→ REQUIREMENT
After locating "ကျောင်းသူများမှ စိတ်ပါ၀င်စားစွာကြည့်ရှုလေ့လာခဲ့ကြောင်း သိရသည်။" in the listing below, copy that line and each one after it exactly, ending with the line that has "Η γεωγραφική κατανομή".

→ INFORMATION PROVIDED
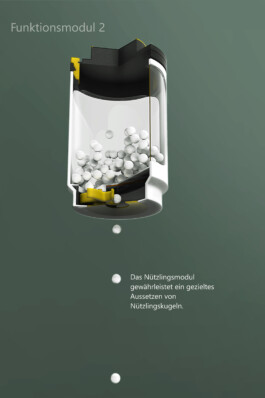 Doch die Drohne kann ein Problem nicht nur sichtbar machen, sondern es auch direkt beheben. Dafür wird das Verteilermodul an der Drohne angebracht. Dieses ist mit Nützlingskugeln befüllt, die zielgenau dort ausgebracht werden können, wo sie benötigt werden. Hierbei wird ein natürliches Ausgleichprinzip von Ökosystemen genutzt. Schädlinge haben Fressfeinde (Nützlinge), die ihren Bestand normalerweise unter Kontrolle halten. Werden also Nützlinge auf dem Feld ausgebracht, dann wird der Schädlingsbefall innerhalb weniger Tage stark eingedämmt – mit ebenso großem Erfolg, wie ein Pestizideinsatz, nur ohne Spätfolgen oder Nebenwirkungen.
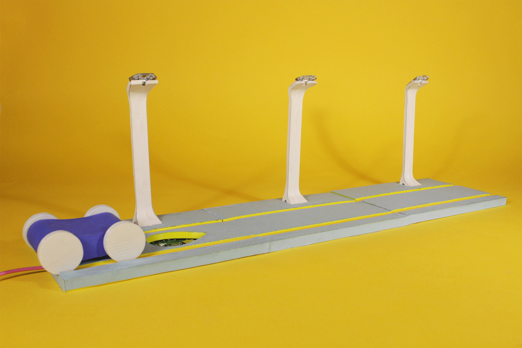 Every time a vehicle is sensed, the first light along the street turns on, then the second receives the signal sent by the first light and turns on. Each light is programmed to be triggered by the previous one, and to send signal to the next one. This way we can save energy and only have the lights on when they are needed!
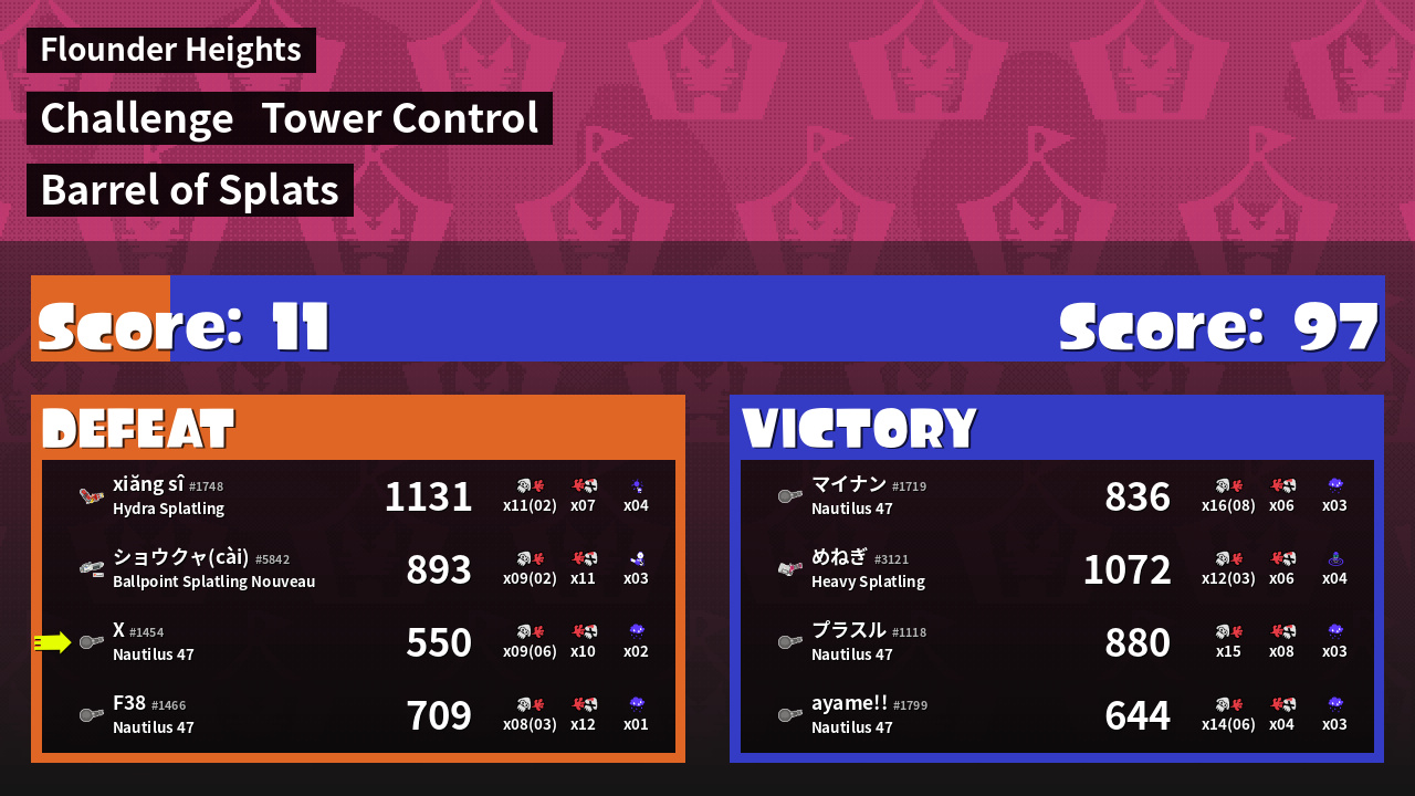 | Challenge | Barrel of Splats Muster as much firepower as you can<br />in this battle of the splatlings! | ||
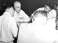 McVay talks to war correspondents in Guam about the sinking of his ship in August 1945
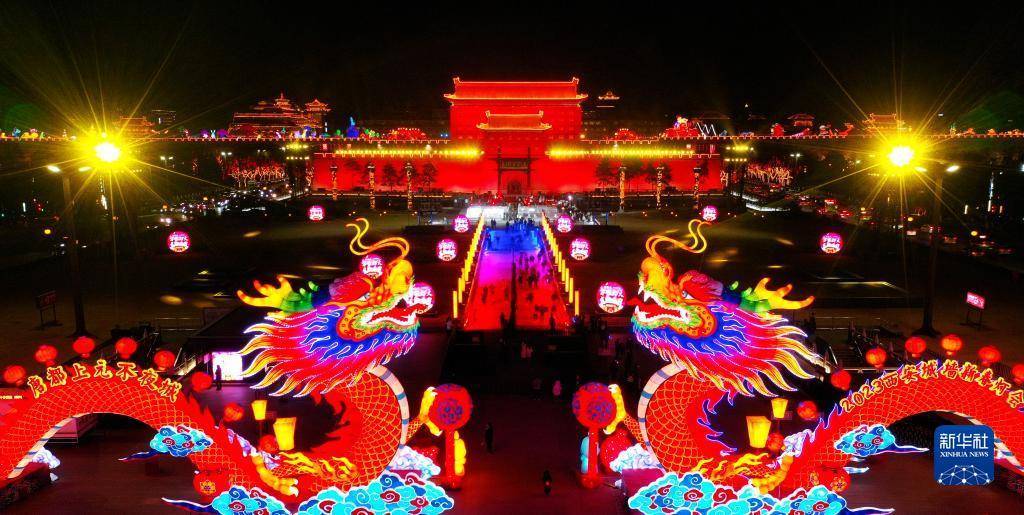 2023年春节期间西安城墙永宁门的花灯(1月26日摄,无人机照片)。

* * *

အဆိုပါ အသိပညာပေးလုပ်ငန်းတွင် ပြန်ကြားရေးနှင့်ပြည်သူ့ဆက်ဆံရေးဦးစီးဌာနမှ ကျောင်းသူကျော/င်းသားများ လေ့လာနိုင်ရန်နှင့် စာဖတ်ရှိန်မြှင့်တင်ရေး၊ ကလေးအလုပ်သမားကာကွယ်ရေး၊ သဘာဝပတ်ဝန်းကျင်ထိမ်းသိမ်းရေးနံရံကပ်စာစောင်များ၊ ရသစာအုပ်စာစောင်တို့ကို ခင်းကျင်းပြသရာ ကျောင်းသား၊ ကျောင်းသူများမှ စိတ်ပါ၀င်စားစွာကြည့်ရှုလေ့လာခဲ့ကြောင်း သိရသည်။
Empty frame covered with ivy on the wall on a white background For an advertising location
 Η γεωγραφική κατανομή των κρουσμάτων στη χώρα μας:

→ RESULT OF THIS EXERCISE
အဆိုပါ အသိပညာပေးလုပ်ငန်းတွင် ပြန်ကြားရေးနှင့်ပြည်သူ့ဆက်ဆံရေးဦးစီးဌာနမှ ကျောင်းသူကျော/င်းသားများ လေ့လာနိုင်ရန်နှင့် စာဖတ်ရှိန်မြှင့်တင်ရေး၊ ကလေးအလုပ်သမားကာကွယ်ရေး၊ သဘာဝပတ်ဝန်းကျင်ထိမ်းသိမ်းရေးနံရံကပ်စာစောင်များ၊ ရသစာအုပ်စာစောင်တို့ကို ခင်းကျင်းပြသရာ ကျောင်းသား၊ ကျောင်းသူများမှ စိတ်ပါ၀င်စားစွာကြည့်ရှုလေ့လာခဲ့ကြောင်း သိရသည်။
Empty frame covered with ivy on the wall on a white background For an advertising location
 Η γεωγραφική κατανομή των κρουσμάτων στη χώρα μας:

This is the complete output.